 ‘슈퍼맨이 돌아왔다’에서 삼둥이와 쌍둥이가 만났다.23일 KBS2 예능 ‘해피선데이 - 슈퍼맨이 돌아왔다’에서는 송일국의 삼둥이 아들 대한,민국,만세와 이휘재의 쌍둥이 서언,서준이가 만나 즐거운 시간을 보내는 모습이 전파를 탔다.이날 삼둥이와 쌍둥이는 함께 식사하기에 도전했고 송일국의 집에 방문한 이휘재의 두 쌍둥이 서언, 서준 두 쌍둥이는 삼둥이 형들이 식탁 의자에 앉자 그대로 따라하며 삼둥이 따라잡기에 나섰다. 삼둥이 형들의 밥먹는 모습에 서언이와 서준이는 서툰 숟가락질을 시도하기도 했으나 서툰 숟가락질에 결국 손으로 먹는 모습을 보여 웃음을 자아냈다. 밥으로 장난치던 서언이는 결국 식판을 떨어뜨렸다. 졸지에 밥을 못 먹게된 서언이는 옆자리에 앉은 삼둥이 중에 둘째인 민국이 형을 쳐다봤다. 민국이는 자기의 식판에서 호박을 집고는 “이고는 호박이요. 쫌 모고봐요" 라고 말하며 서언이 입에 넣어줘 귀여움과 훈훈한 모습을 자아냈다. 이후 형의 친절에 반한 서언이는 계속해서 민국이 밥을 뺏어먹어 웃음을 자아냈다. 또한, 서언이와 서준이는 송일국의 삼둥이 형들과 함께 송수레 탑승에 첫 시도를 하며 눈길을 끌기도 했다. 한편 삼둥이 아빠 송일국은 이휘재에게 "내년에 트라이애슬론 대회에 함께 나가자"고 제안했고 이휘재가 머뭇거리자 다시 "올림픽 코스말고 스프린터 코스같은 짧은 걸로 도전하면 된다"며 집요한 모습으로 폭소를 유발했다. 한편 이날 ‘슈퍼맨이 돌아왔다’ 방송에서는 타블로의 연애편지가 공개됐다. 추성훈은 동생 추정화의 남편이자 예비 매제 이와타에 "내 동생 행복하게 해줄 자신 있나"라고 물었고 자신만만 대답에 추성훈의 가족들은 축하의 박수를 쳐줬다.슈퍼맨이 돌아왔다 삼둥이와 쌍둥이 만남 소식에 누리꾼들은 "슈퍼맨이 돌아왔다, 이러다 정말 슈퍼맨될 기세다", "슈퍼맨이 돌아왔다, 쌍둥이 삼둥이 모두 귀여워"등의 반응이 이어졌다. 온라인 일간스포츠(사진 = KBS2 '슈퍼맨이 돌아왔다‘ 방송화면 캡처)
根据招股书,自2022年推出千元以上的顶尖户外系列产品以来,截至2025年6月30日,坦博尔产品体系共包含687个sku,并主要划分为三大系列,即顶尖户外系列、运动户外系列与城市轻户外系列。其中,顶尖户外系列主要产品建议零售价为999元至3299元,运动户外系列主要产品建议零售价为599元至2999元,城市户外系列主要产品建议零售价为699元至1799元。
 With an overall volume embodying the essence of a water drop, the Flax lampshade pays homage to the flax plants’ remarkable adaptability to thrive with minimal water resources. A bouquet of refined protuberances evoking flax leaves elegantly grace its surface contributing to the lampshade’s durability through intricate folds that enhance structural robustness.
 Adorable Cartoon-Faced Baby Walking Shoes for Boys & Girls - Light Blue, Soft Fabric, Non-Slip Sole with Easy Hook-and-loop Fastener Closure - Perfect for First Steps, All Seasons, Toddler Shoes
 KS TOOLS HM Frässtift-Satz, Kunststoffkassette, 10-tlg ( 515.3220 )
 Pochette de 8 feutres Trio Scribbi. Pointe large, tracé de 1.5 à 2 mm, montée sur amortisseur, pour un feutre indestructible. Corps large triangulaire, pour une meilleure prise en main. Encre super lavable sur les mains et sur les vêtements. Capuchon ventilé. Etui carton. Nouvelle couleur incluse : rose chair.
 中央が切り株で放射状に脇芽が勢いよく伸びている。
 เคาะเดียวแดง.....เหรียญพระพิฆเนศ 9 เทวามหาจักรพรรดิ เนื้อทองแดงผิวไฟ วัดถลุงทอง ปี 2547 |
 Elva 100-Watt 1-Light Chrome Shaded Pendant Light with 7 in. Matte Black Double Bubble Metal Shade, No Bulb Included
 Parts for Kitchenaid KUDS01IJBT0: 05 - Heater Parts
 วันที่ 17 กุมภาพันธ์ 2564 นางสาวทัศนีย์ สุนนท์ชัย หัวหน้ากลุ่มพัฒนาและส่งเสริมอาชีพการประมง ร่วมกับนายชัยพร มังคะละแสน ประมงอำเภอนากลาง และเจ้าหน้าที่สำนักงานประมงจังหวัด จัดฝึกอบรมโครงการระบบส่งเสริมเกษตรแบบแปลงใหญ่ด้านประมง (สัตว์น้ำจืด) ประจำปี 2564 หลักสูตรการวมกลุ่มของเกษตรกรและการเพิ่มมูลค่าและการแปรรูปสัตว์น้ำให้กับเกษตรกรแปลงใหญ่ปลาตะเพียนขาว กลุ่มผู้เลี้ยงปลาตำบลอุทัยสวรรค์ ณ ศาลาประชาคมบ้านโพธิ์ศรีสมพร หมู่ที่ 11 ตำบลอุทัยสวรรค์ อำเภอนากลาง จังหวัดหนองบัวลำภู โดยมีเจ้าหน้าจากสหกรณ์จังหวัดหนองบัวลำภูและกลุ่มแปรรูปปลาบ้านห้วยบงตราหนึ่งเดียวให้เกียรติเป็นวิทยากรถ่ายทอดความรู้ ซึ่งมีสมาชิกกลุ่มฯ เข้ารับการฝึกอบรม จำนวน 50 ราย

TASK TO COMPLETE ::
Pull out all lines from the listing that contain the string "with".

RESPONSE AREA ::
 With an overall volume embodying the essence of a water drop, the Flax lampshade pays homage to the flax plants’ remarkable adaptability to thrive with minimal water resources. A bouquet of refined protuberances evoking flax leaves elegantly grace its surface contributing to the lampshade’s durability through intricate folds that enhance structural robustness.
 Adorable Cartoon-Faced Baby Walking Shoes for Boys & Girls - Light Blue, Soft Fabric, Non-Slip Sole with Easy Hook-and-loop Fastener Closure - Perfect for First Steps, All Seasons, Toddler Shoes
 Elva 100-Watt 1-Light Chrome Shaded Pendant Light with 7 in. Matte Black Double Bubble Metal Shade, No Bulb Included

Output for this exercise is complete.